Would you like to learn how to make $75 to $200 per signing appointment? Check out this loan signing training program from Mark Wills. (**) He is one of the highest producing notary loan signing agents in the country.

6 Steps to Become a Notary Signing Agent in Kansas

Steps to Become a Notary Signing Agent in Kansas

Step 1: Meet the basic requirement

  • At least 18 years of age
  • Legal resident of Kansas; OR resident of bordering state who is employed in Kansas
  • Able to read and write English

Step 2: Purchase a surety bond

Kansas $7500 notary surety bond

The Kansas Secretary of State requires you to purchase a $7,500 surety bond with a 4 years term. You may get it from a licensed surety such as a notary bonding company, an insurance company, or a notary organization. You could search for them online.

Note that the surety bond is to protect those for whom the notary public performs a notarization, but not you as a notary public.

If you need coverage for your professional services, you should consider getting an Error & Omission insurance (E&O).

I just checked with a surety bond issuer. Below is their premium structure.

CoveragePremium
$7,500 bond with $10,000 E&O coverage$50
$7,500 bond with $20,000 E&O coverage$70
$7,500 bond with $30,000 E&O coverage$90

Step 3: Get a notary seal

Kansas notary seal

To start the notary signing business in Kansas, you must have a notary seal.
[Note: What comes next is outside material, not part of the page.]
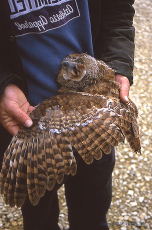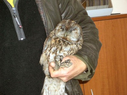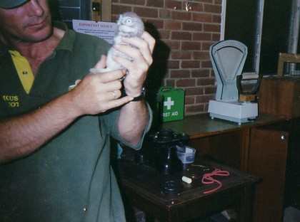 Tawny Owl Orphan being checked prior to re-release back to the wild
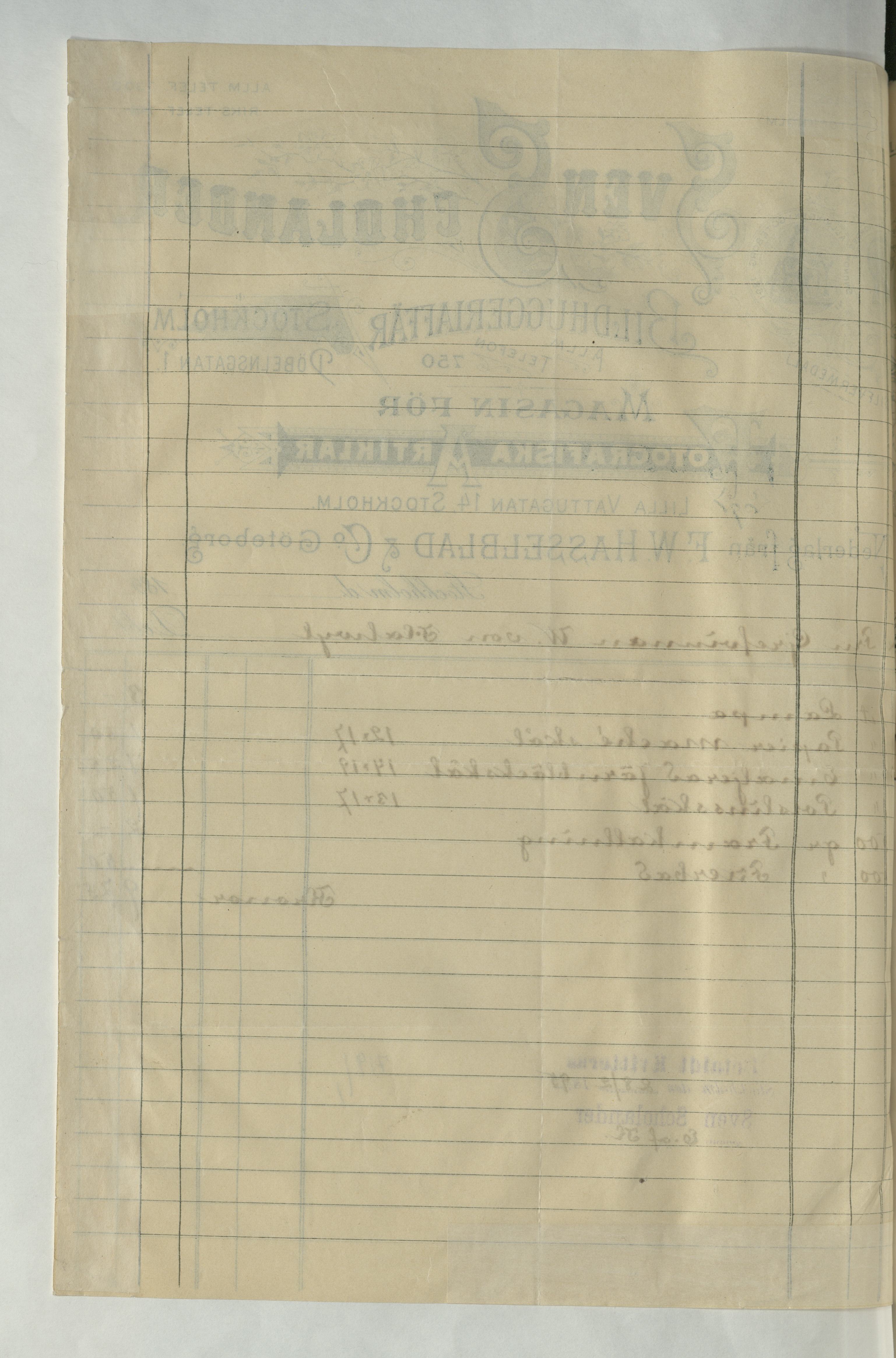 Kvitto från Sven Scholander, Bildhuggeriaffär för fotografiska artiklar

This helps you to include specific info in every document so you won’t leave out any required details.

You may purchase the notary seal from office supplies store. Also, its design must comply with the regulatory rules.

Each notary public must have a notarial seal, which shall contain the notary’s name exactly as it appears on the notary application. The seal must include the words “Notary Public” and “State of Kansas.” This seal must be used whenever a notary performs an official act. When notarizing a document, the notary public must add to the document the date of expiration of his or her appointment.

The notary public’s seal must be either a seal press or a rubber stamp. If a seal press is used, the impression from the seal must be inked or blackened. If a rubber stamp is used, the stamp must have permanent ink. Both the seal press and the rubber stamp must be capable of legible reproduction after copying. No seal can be used until an impression of it has been filed with the Secretary of State’s office

Kansas Legislative Sessions – K.S.A. 53-105

You must keep the notary seal in a locked and secured area, where only you have direct and exclusive control of it. (e.g. a locked drawer or cabinet.)

Step 4: Submit the notary public application to the Kansas Secretary of State

Submit the notary public application to the Kansas Secretary of State

The Kansas Secretary of State is the office that grants the notary commission to applicants and maintains records of all notaries public in Kansas.

You need to fill out the “Notary Public Application Form.” K.S.A. 53-103. The questions on the application are pretty strict forward—for example, your name, business address, background info. 

However, in Section B, you are required to take an oath and sign the form in front of a Kansas notary public. The qualified notary will also need to sign it. Then moving to Section C, you need to get the notary surety bond company to complete it.

Make sure the signature on the application will be the same as when you are notarizing documents. In addition, you need to place an impression of your notary seal on the form.

There is a $25 application fee and can be paid by a credit card, check or money order. You could make it payable to “Secretary of State.”

Once you filled out the application, you may mail it to Secretary of State, Memorial Hall, 1st Floor, 120 S.W. 10th Avenue, Topeka, KS 66612-1594.

Step 5: Review the notary certificate

Review Kansas notary commission certificate

Once everything is in good order, the KS Secretary of State will mail you the Commission Certificate. You should review and make sure all the details are correct. (e.g., your name, county of residence, commission dates).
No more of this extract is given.